→ The problem
The answer must be the lines from the one that holds "ツメクサといえばシロツメクサ" through the final line of the data, copied exactly, with no pictures.

→ Given entries
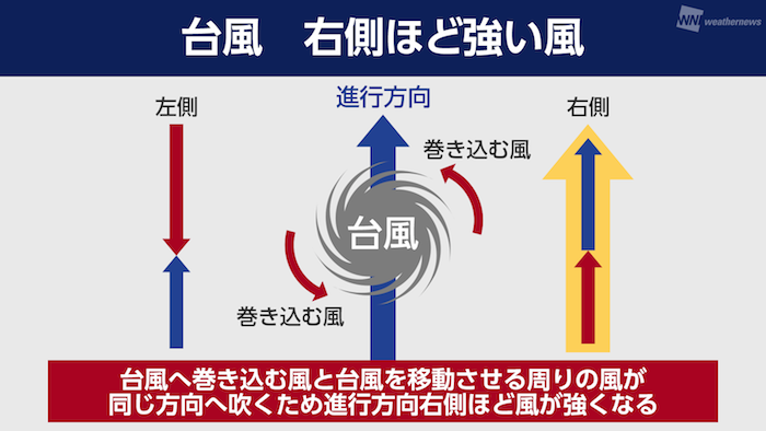 一方、左側は台風を動かす風の向きと、中心に向かって吹き込む風の向きが異なるため、互いに打ち消し合い、勢力は右側ほど強くはありません。
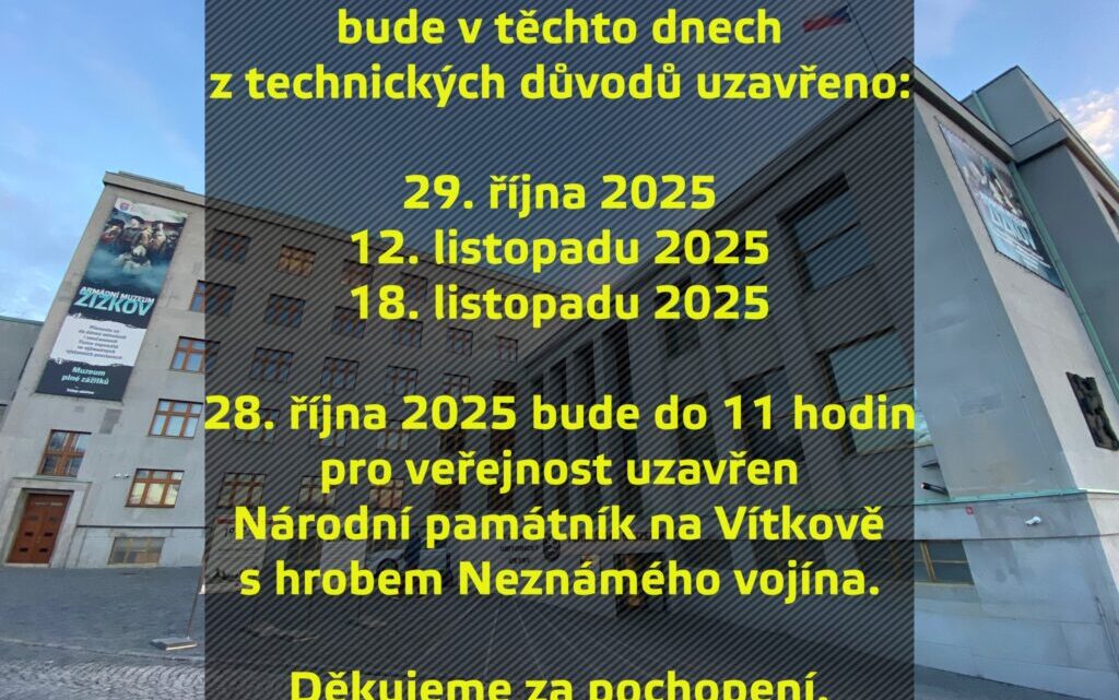 28. října 2025 pak bude do 11 hodin pro veřejnost uzavřen Národní památník na Vítkově s hrobem Neznámého vojína. Armádní muzeum Žižkov i Národní památník hrdinů heydrichiády jsou v tento den ořevřeny.
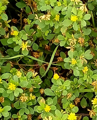 ツメクサといえばシロツメクサのクローバーが知られています。これは米粒と名付けられるほどの小さな葉と花。
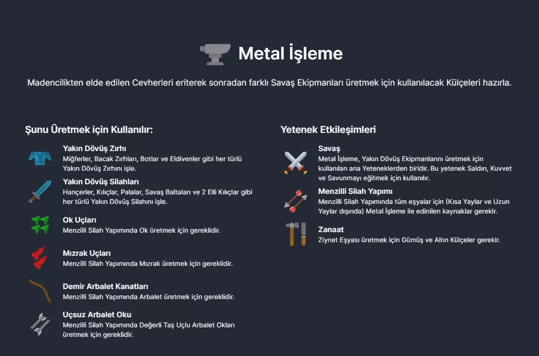 将采矿获得的矿石熔炼,以准备日后用于制造各种战斗装备的铸锭。
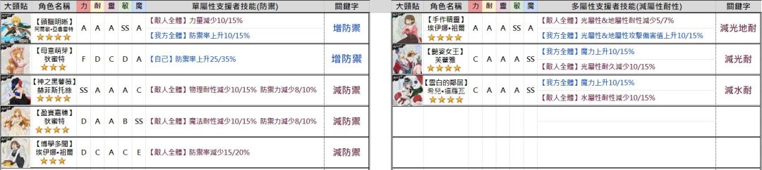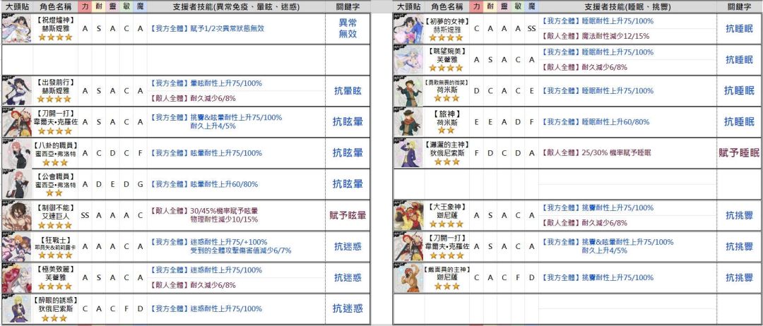 【心得】懒人用2~4星支持者技能 分类快速查询
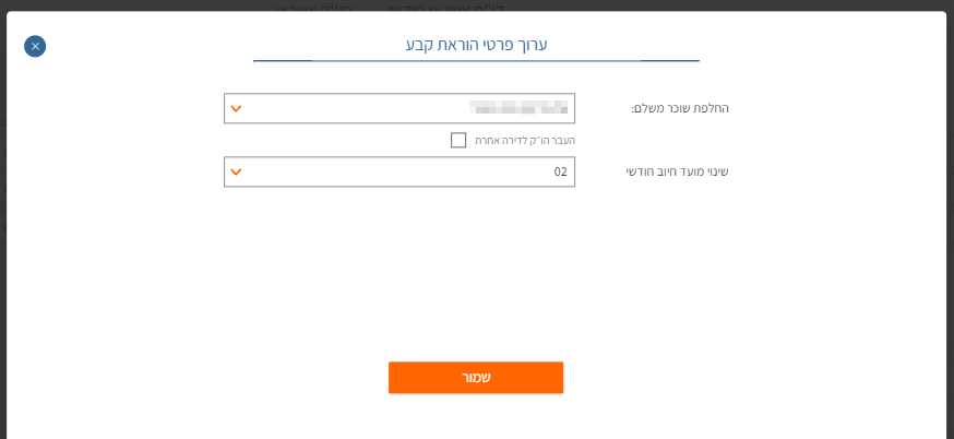 2. בהחלפת משלם נבחר "העבר הו"ק לדירה אחרת"+ מס' דירה ודייר
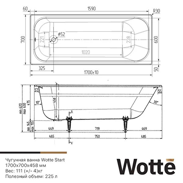 Европейская (Россия-Словения) чугунная ванна Wotte Start 170x70 без антискользящего покрытия - цена 54646 руб. Оформить заказ и купить ванну Wotte Start 170x70 без антискользящего покрытия в Москве в нашем интернет магазине можно по телефону или добавив товар в корзину 🛒.
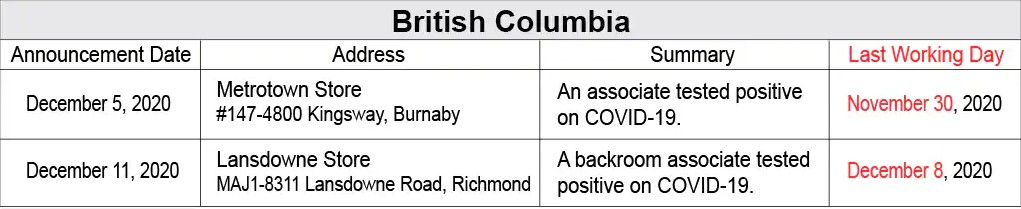 最近列治文暴露病毒的学校有: Thomas Kidd elementary (11月30号, 12月1和 3号); McRoberts secondary (12月.1 到 2号 和12月4号 ); William Bridge elementary (11月30号); Maple Lane elementary (11月.20, 24 至 25号和12月1号); Richmond Secondary (11月24 至 27号); Burnett secondary (11月24 至 26号); McNair secondary (11月19 号和11月24 至 27号); Hugh Boyd secondary (11月 25 至 26号和 11月30号.); 以及 Steveston-London secondary (11月24 至 25号)。
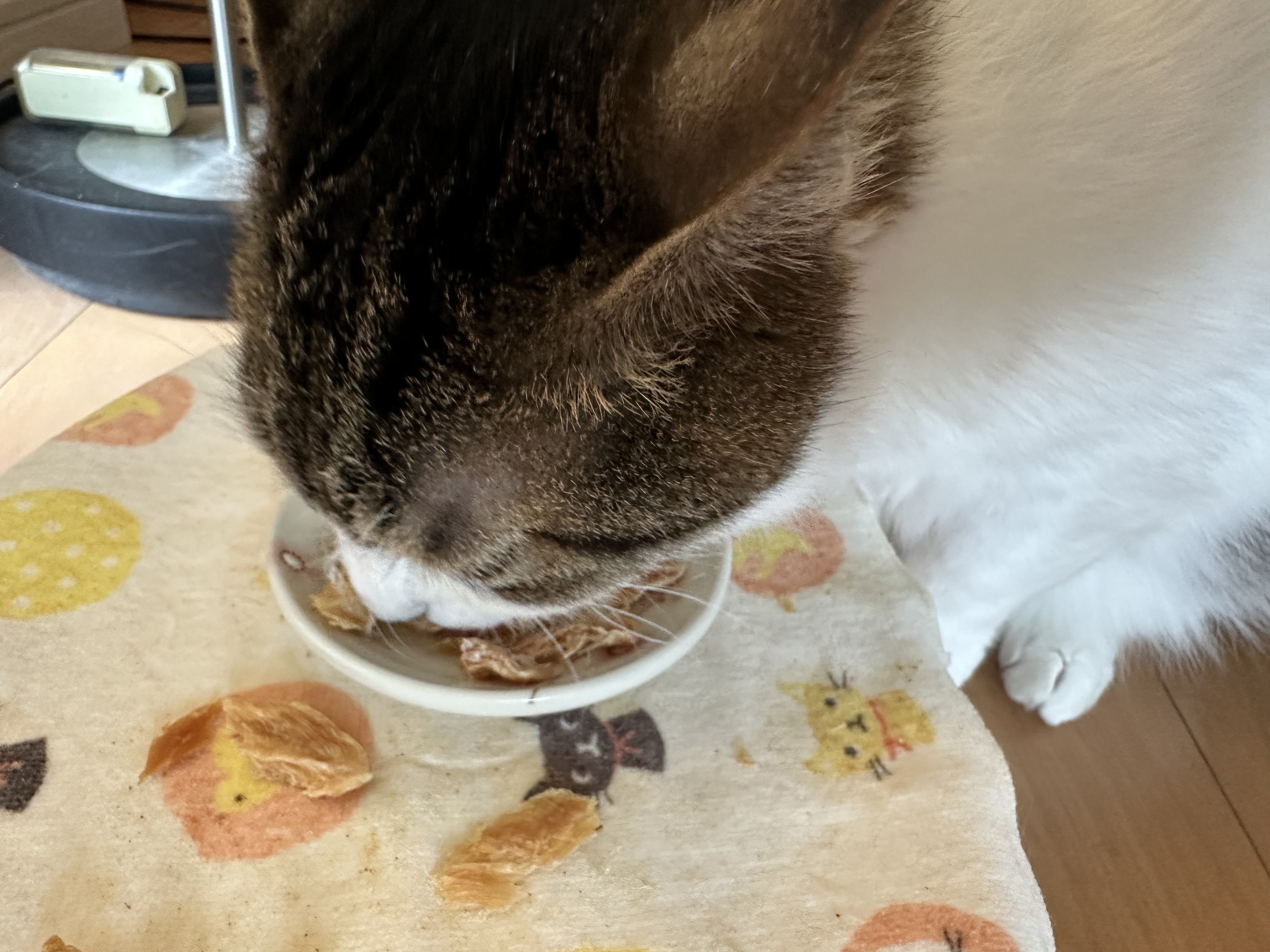 普段から硬いのがあまり好きではないので、大丈夫かなと思ったのですが、チキンは好きなので匂いを嗅いで食べようとはしました。想像通り、かたくて噛むのやめたので(苦笑)、ほぐしてあげたら食べました。完食です。味は好みだったので、しっかりおかわりを要求されました。 保存料、保湿剤などできれば使ってない素材だけのおやつを普段からあげてるので、こちらは国産だし安心です。※モニター商品ご利用のご感想です
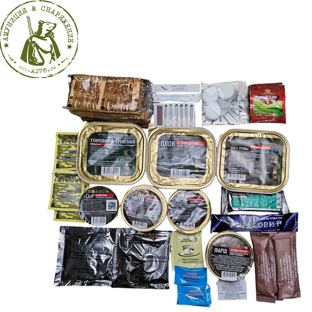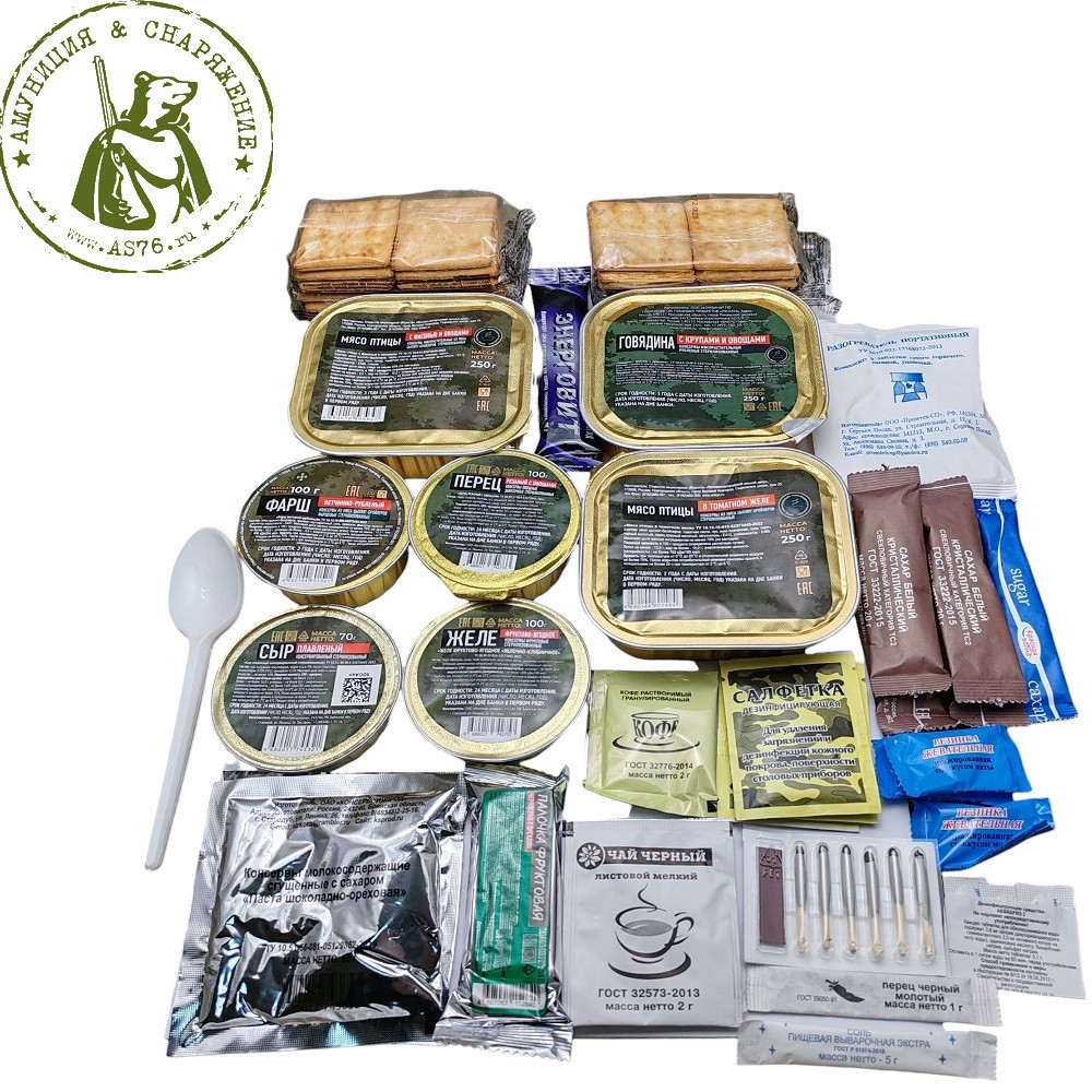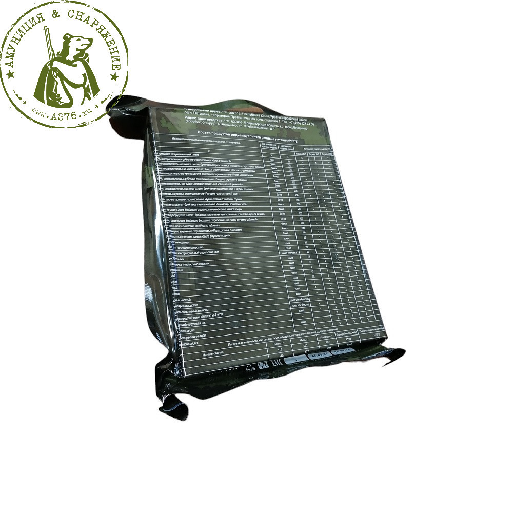 В комплект индивидуального рациона, входит необходимый запас еды и вспомогательных приспособлений для разогрева и подготовки к принятию пищи на 1 сутки

→ Result for this exercise
 ツメクサといえばシロツメクサのクローバーが知られています。これは米粒と名付けられるほどの小さな葉と花。
 将采矿获得的矿石熔炼,以准备日后用于制造各种战斗装备的铸锭。
 【心得】懒人用2~4星支持者技能 分类快速查询
 2. בהחלפת משלם נבחר "העבר הו"ק לדירה אחרת"+ מס' דירה ודייר
 Европейская (Россия-Словения) чугунная ванна Wotte Start 170x70 без антискользящего покрытия - цена 54646 руб. Оформить заказ и купить ванну Wotte Start 170x70 без антискользящего покрытия в Москве в нашем интернет магазине можно по телефону или добавив товар в корзину 🛒.
 最近列治文暴露病毒的学校有: Thomas Kidd elementary (11月30号, 12月1和 3号); McRoberts secondary (12月.1 到 2号 和12月4号 ); William Bridge elementary (11月30号); Maple Lane elementary (11月.20, 24 至 25号和12月1号); Richmond Secondary (11月24 至 27号); Burnett secondary (11月24 至 26号); McNair secondary (11月19 号和11月24 至 27号); Hugh Boyd secondary (11月 25 至 26号和 11月30号.); 以及 Steveston-London secondary (11月24 至 25号)。
 普段から硬いのがあまり好きではないので、大丈夫かなと思ったのですが、チキンは好きなので匂いを嗅いで食べようとはしました。想像通り、かたくて噛むのやめたので(苦笑)、ほぐしてあげたら食べました。完食です。味は好みだったので、しっかりおかわりを要求されました。 保存料、保湿剤などできれば使ってない素材だけのおやつを普段からあげてるので、こちらは国産だし安心です。※モニター商品ご利用のご感想です
 В комплект индивидуального рациона, входит необходимый запас еды и вспомогательных приспособлений для разогрева и подготовки к принятию пищи на 1 сутки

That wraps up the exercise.